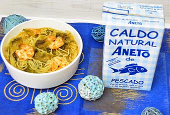 INGREDIENTES:- 1litro de caldo de pescado Aneto.- Algas variadas.- 500gr. de langostinos.- 200gr. de fideos chinos. PREPARACIÓN:Pelamos los langostinos y la cascaras y las cabezas las ponemos en un cazo con un poco de caldo hasta que hierva. Machacamos las cascaras y las cabezas con un tenedor para sacarle todo el jugo, lo colamos y lo ponemos con el retos del caldo que lo hemos colocado en una olla, ponemos a hervir y entonces añadimos los langostinos, las algas y los fideos chinos cocemos durante 5 minutos y listo, ya tenemos nuestra sopa.Veis os lo dije, rápido, rápido y fácil, fácil......
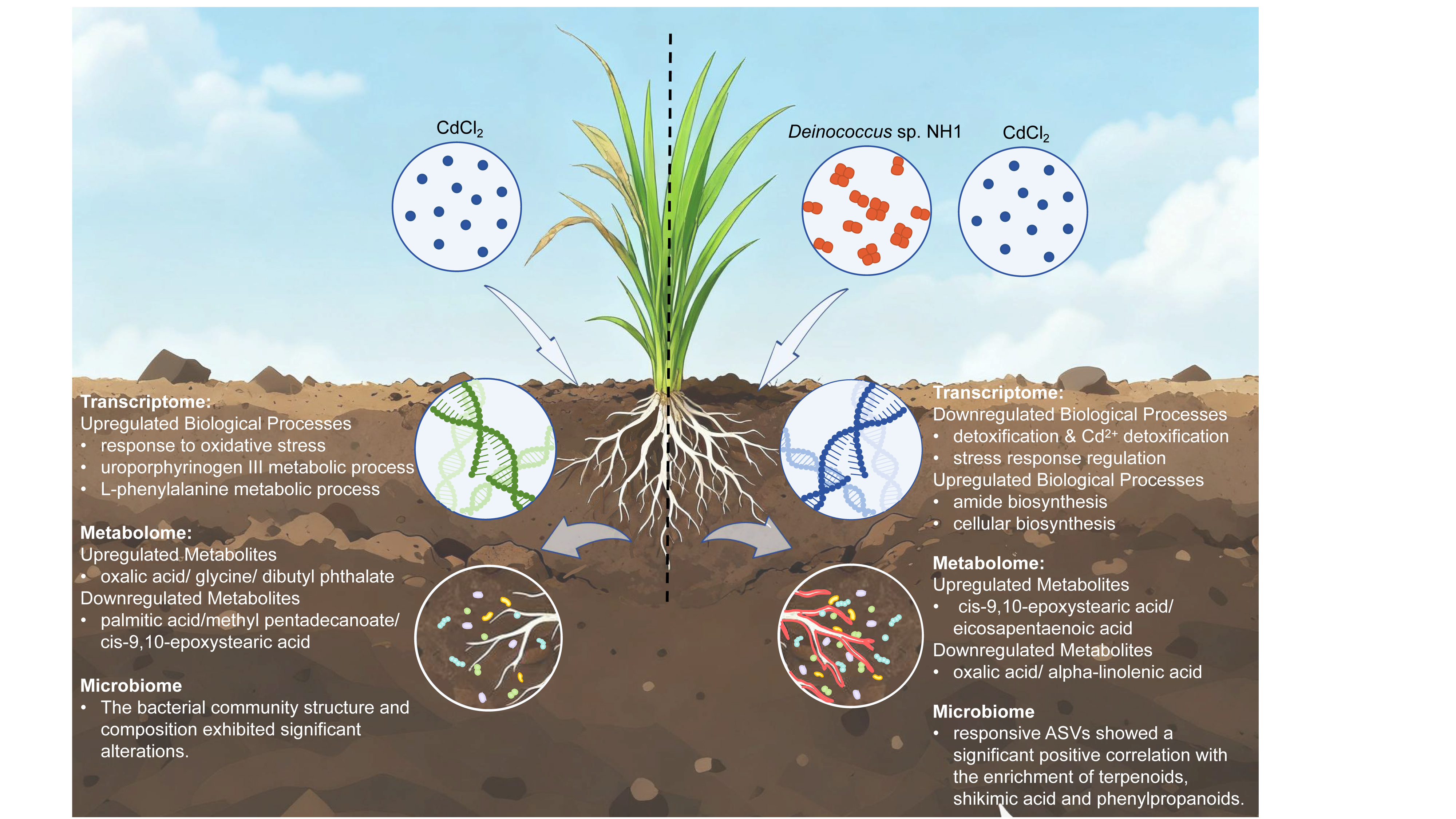 水稻安全生產常面臨土壤鎘污染的挑戰,利用功能微生物緩解鎘脅迫是一種綠色可持續的防控策略。異常球菌屬細菌對極端環境具有突出的耐受性,因此在重金屬污染修復領域展現出良好的應用潛力,然而其提升水稻鎘抗性的具體效應和作用機制尚不明確。研究團隊所篩選的異常球菌屬菌株Deinococcussp. NH1,能夠在鎘脅迫條件下顯著減輕水稻所受的毒害癥狀。該菌株通過多途徑協同緩解水稻鎘脅迫:首先,重塑根際微生物群落結構,恢復微生物多樣性并促進有益菌富集,從而促進水稻株高與鮮重的增加;其次,調控根系基因表達,下調與脅迫防御相關的基因,同時上調細胞生物合成等生長相關基因表達;此外,還能重構根際代謝物譜,提高脂肪酸、萜類等物質含量,進而驅動Massilia等有益微生物群落的響應。該研究成果為水稻鎘污染綠色治理提供了重要的微生物資源與理論實踐依據。
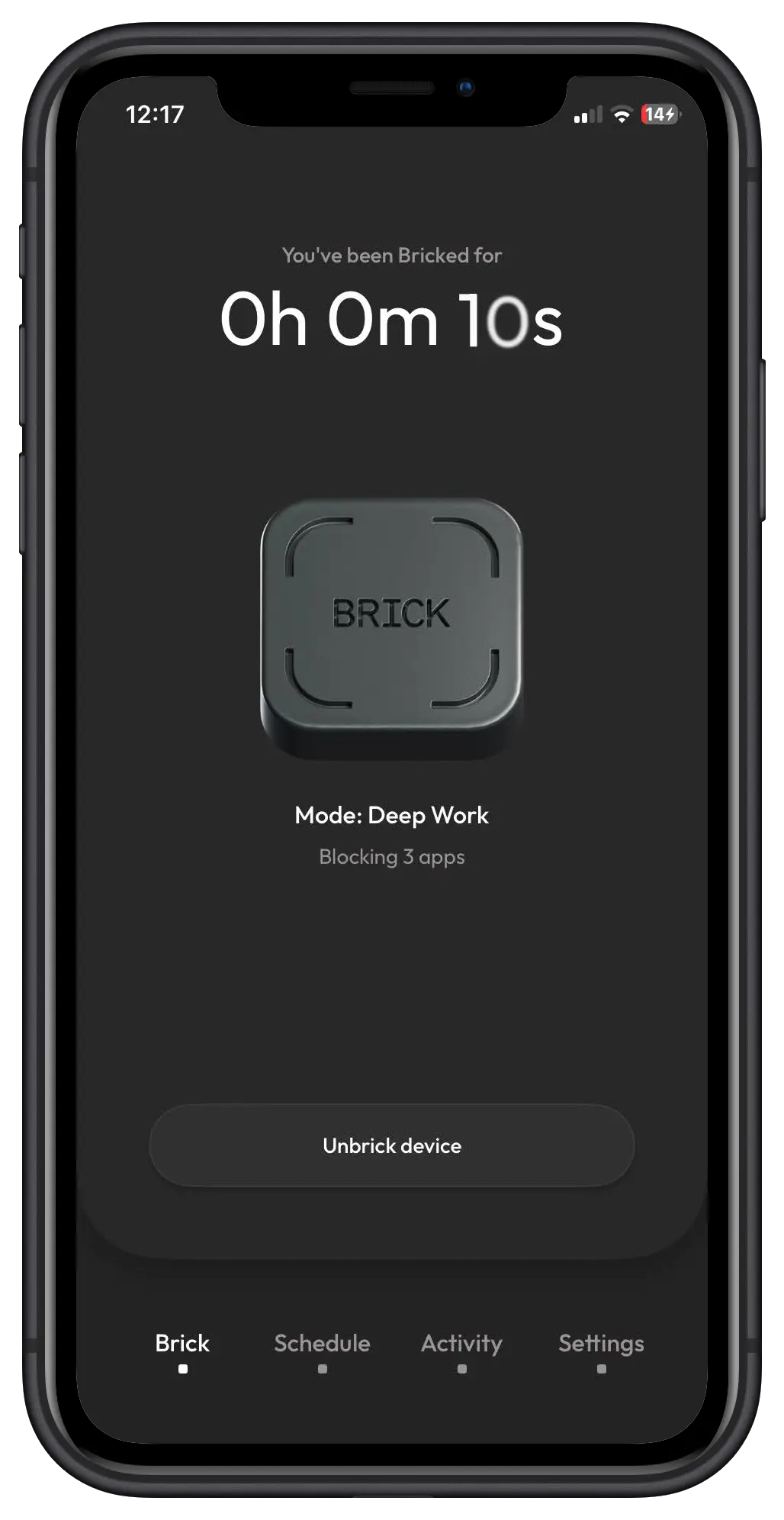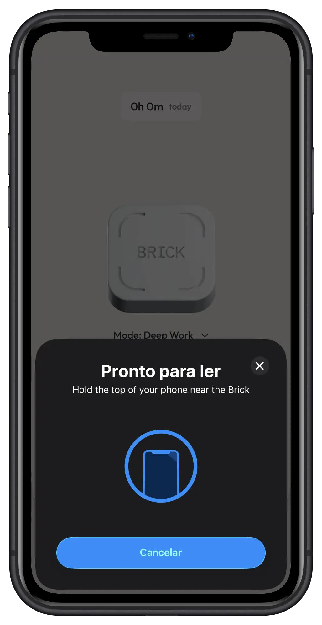 Abra a app, clique no botão principal "Brick device" e encoste o topo do seu telemóvel ao pequeno dispositivo físico. O ecrã escuro confirma que o modo está ativo.

• • • • •

**DESCRIPTION OF THE TASK:** Without including any picture, set down the listing above exactly as it appears.

**SOLUTION TO THIS EXERCISE:**
 INGREDIENTES:- 1litro de caldo de pescado Aneto.- Algas variadas.- 500gr. de langostinos.- 200gr. de fideos chinos. PREPARACIÓN:Pelamos los langostinos y la cascaras y las cabezas las ponemos en un cazo con un poco de caldo hasta que hierva. Machacamos las cascaras y las cabezas con un tenedor para sacarle todo el jugo, lo colamos y lo ponemos con el retos del caldo que lo hemos colocado en una olla, ponemos a hervir y entonces añadimos los langostinos, las algas y los fideos chinos cocemos durante 5 minutos y listo, ya tenemos nuestra sopa.Veis os lo dije, rápido, rápido y fácil, fácil......
 水稻安全生產常面臨土壤鎘污染的挑戰,利用功能微生物緩解鎘脅迫是一種綠色可持續的防控策略。異常球菌屬細菌對極端環境具有突出的耐受性,因此在重金屬污染修復領域展現出良好的應用潛力,然而其提升水稻鎘抗性的具體效應和作用機制尚不明確。研究團隊所篩選的異常球菌屬菌株Deinococcussp. NH1,能夠在鎘脅迫條件下顯著減輕水稻所受的毒害癥狀。該菌株通過多途徑協同緩解水稻鎘脅迫:首先,重塑根際微生物群落結構,恢復微生物多樣性并促進有益菌富集,從而促進水稻株高與鮮重的增加;其次,調控根系基因表達,下調與脅迫防御相關的基因,同時上調細胞生物合成等生長相關基因表達;此外,還能重構根際代謝物譜,提高脂肪酸、萜類等物質含量,進而驅動Massilia等有益微生物群落的響應。該研究成果為水稻鎘污染綠色治理提供了重要的微生物資源與理論實踐依據。
 Abra a app, clique no botão principal "Brick device" e encoste o topo do seu telemóvel ao pequeno dispositivo físico. O ecrã escuro confirma que o modo está ativo.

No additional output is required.